Movie review - "Riffraff" (1947) ***

It's wonderful when you watch an old B movie and you can feel the director really try - that's clearly what Ted Tetzlaff was doing on this RKO number, which is made with a lot of care. There's a fantastic opening sequence, starting with a lizard growling and crossing to a rain drenched airport at night (I saw this as a kid and it's always stayed with me) and kicking on into a silent 5 minute or so sequence on a plane.

The plane lands in Panama and the action gets more conventional with Pat O'Brien too old and not particularly charismatic to play a man about town, but he tries, as does everyone in the cast.

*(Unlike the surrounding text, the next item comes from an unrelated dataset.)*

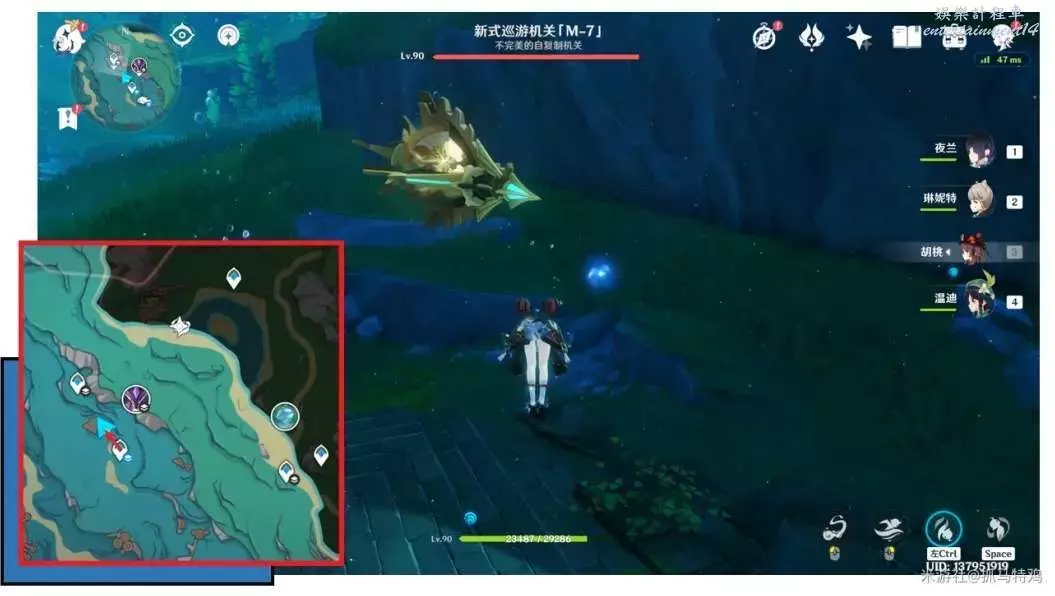 遊到新式巡遊機關「M-7」面前攻擊一下,即可亮血條。(它不會主動攻擊你)

The leads are B players - O'Brien, Anne Jeffrey - but the support is solid: Walter Slezak, Jerome Cowan.

It's based on an original screenplay by Martin Rackin, but isn't that original being a compendium of a whole lot of Humphrey Bogart/Alan Ladd films set in a Hollywood backlot version of a big city in a third world country, with Panama hats, lounges, lounge singers (Anne Jeffreys doing an Ann Sheridan impression), bars, venetian blinds, comic dogs and off siders, no one looking too foreign, lots of smoking, wacky sidekicks (Percy Kilbridge seemingly channeling Walter Brennan from To Have and Have Not).

Story wise its big flaw is that O'Brien is passive a lot of the time, being ignorant of the fact that the Macguffin - a map - is on his wall. This is frustrating and caused me to lose a little interest by the end. But it has charm, loving photography and design, and is well directed; and I have a soft spot for late 40s RKO film noirs.